Both bulbs blackened and dead so replaced with Philips type 168 (as per Philips website). Presumably 5W but package doesn't say.

Turned light switch to position I and front parking and tail lights come on but not the license plate lights.

New bulbs pressed in properly, connector looks good. Wiring behind trunk-lid has a few bends in it so possible there is a break. But not as thought it is at risk of damage there.

The rubber sleeves where wires go from trunk-lid to body look good and undamaged.

From wiring diagram in FSM it looks like if tail lights work and not license plate lights it has to be end-run wiring problem and not a problem with the Intelligent Power Dist. Module - ER.

But not sure why troubleshooting (w/o Consult-III) requires Auto Active Test to power the brake light module. https://www.dropbox.com/s/e493s1ef84o51xj/fsmlt.jpg?dl=0

To be clear, no LEDs involved. No accident damage. Don't know when original bulbs burnt out or if they both went at the same time.

Not sure if I should just rewire the license plate lights by tapping off one of the rear light clusters. Don't want to conflict with workings of the CANbus LAN.

Automotive lighting isn't the simple process it used to be.

As I understand it, to turn any light on the IPDM sends a signal to complete a ground circuit as opposed to supplying 12V (which is always on).

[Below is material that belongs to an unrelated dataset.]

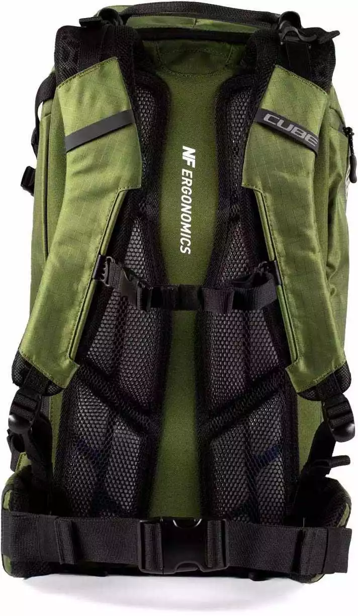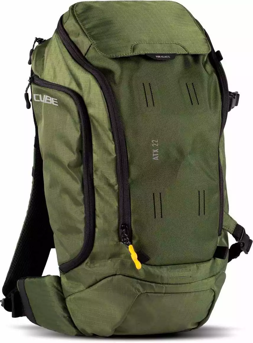 Der CUBE ATX 22 TM bietet Platz für alles, was auf ausgedehnten Touren mitmuss. Dank dem von CUBE entwickelten Natural Fit Rückensystem und gepolsterten Hüftgurt sitzt der Rucksack optimal am Rücken. Das Gewicht wird angenehm verteilt, der Rücken ist gut polstert und belüftet. Dank MOLLE-System lässt sich auch die CUBE GEAR BAG 1 mit Klettbändern sicher am Rucksack fixieren. Mit den seitlich angebrachten Kompressionsriemen hast du zusätzlich die Möglichkeit, deine Jacke oder Protektoren zu befestigen. Dank sinnvoller Fächeraufteilung, extra Werkzeugfach und Smartphone-Seitenfach sind die wichtigsten Sachen schnell griffbereit. Plus Raincover und Trinkblasenfach … am Rucksack wird die Tour nicht scheitern.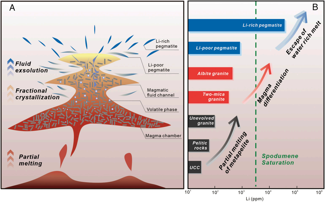 关于锂-铯-钽型(LCT型)伟晶岩的成因,学界长期存在"深熔派"与"结晶分异派"之争:一方认为其源于变质沉积岩的低程度部分熔融,另一方主张其为花岗质岩浆极端分离结晶的残余产物。然而,全球伟晶岩矿区普遍存在"富矿-贫矿"并存现象,单一成因模型难以解释为何仅少数伟晶岩能实现锂辉石过饱和并结晶成矿。松潘-甘孜造山带延伸约2800公里,沿线分布有甲基卡、可尔因、扎乌隆、白龙山等十余处大型-超大型伟晶岩型锂矿床,构成我国规模最大的稀有金属成矿带—“松潘-甘孜锂矿链”。面对国家资源战略与找矿突破的新要求,亟待解决松潘-甘孜成矿带地质背景与成矿驱动力、成矿物质来源、成矿潜力、控矿因素等科学问题。

Which I think is why I can't do a simple VOM test to confirm 12V on the red wire and continuity to ground on the black at the license plate light connector.


----------



## johnn (Sep 8, 2013)

UPDATE: in the cold light of day, found a break in the +ve wire inside one of the two flex sleeves on the driver side that feed the wires from the trunk lid to the car body.

No sign of damage to the sleeve, but wire broken cleanly. Strange, but maybe just caused by continual flexing when trunk opened and closed, and wire already kinked during factory assembly.


----------



## Car guy (Mar 31, 2016)

Good find. Thanks for letting everyone know.


----------